The management of duplicated ureters varies on a case-by-case basis, ranging from medical treatment to surgical procedures.^1–6 In the veterinary literature, due to the close association between the kidney, the normal ureter, and the duplicated one, nephrectomy is often chosen over other surgical approaches. Among the six reported cases, one dog was treated medically,⁵ one dog underwent ureteroneocystostomy,³ and two dogs and one cat underwent nephro-ureterectomy.^1,2,6 Additionally, one dog was treated similarly to the dog reported in this study, with the removal of the duplicated ureter.⁴ Unfortunately, this dog experienced a recurrence of anorexia, abdominal pain, and urinary incontinence 5 mo after surgery and was euthanatized. In cases of functional duplicated ureter, ureteroneocystostomy should be considered to prevent urine leakage and preserve renal function. In such cases, the duplicated ureter drains a portion of the renal parenchyma, and maintaining function in these nephric tubes, as demonstrated in the case treated by Newman and Landon³ in 2014, is essential. In the case reported here, because the duplicated ureter was deemed nonfunctional and blind distally, a subtotal ureterectomy leaving only the distal portion of the ureter was feasible. To preserve the integrity of the bladder wall and conserve renal parenchyma, we chose to omentalize the proximal and distal ends of the ureter rather than performing a complete excision, which would have required a partial nephrectomy and partial cystectomy near the trigone and potentially damaging the normal course of the right ureter. This treatment approach resulted in a rapid and complete recovery with the resolution of all clinical signs.

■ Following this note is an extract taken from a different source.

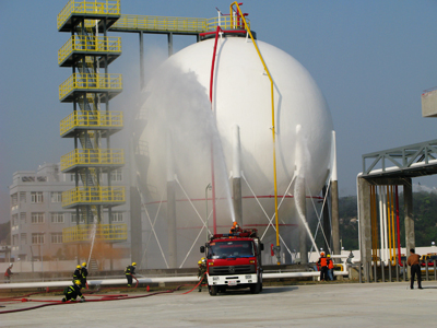 演練總指揮徐凱發(fā)出指令后,演練正式開始。得源公司塔頭氣庫(kù)正進(jìn)行裝槽車作業(yè)時(shí),供應(yīng)儲(chǔ)罐1號(hào)球罐出液管中間連接軟管發(fā)生“破裂”,造成石油氣“泄漏”,報(bào)警系統(tǒng)啟動(dòng),操作人員停止作業(yè),啟動(dòng)緊急切斷系統(tǒng)及消防噴淋系統(tǒng),由于1號(hào)球罐的切斷閥門故障,漏出的氣體繼續(xù)蔓延,兩名庫(kù)區(qū)操作人員試圖進(jìn)行緊急堵漏搶修,由于區(qū)域液化石油氣氣體濃度較高,一名搶修人員在1號(hào)球罐罐區(qū)外窒息暈倒。因現(xiàn)場(chǎng)石油氣泄漏擴(kuò)散面積大,該司全面啟動(dòng)應(yīng)急預(yù)案并立即報(bào)警同時(shí)向區(qū)、市住建局報(bào)告并請(qǐng)求增援。在市區(qū)兩級(jí)住建、消防、衛(wèi)生等部門通力合作下,搶險(xiǎn)人員將險(xiǎn)情消除。歷時(shí)30分鐘的演練過程嚴(yán)格按《汕頭市燃?xì)庑袠I(yè)安全生產(chǎn)事故應(yīng)急救援演練方案》實(shí)施。

The reason for the recurrence of purulent vulvar discharge and the development of a urinary tract infection after the ovariohysterectomy remains unclear. As discussed earlier, infection of a blind-ended duplicated ureter has been already reported in human literature.^14,15 In the case reported here, a urinary culture revealed the presence of a urinary tract infection with S pseudintermedius during the initial recurrence of purulent vulvar discharge. Bacterial culture during surgery identified the same bacteria. Because there was no clear communication between the blind ureter and the urogenital system, a simple ascending infection appears less likely but possible. Otherwise, it can only be speculated that bacterial contamination from the lower urinary tract to the duplicated ureter could have occurred via hematogenous translocation or through the bladder wall. In this case, the same bacteria may have caused the infection of the duplicated ureter, the lower urinary tract, and the remaining genital tract, causing the purulent discharge. The removal of the duplicated infected ureter may have suppressed the source of bacteria, which remained persistent despite the previous antibiotherapy.

Conclusion

The case reported here describes the successful treatment of an infected duplicated ureter in a 7 yr old dog. Surgical resection of the duplicated ureter resolved the clinical signs and can offer a viable treatment option for similar cases.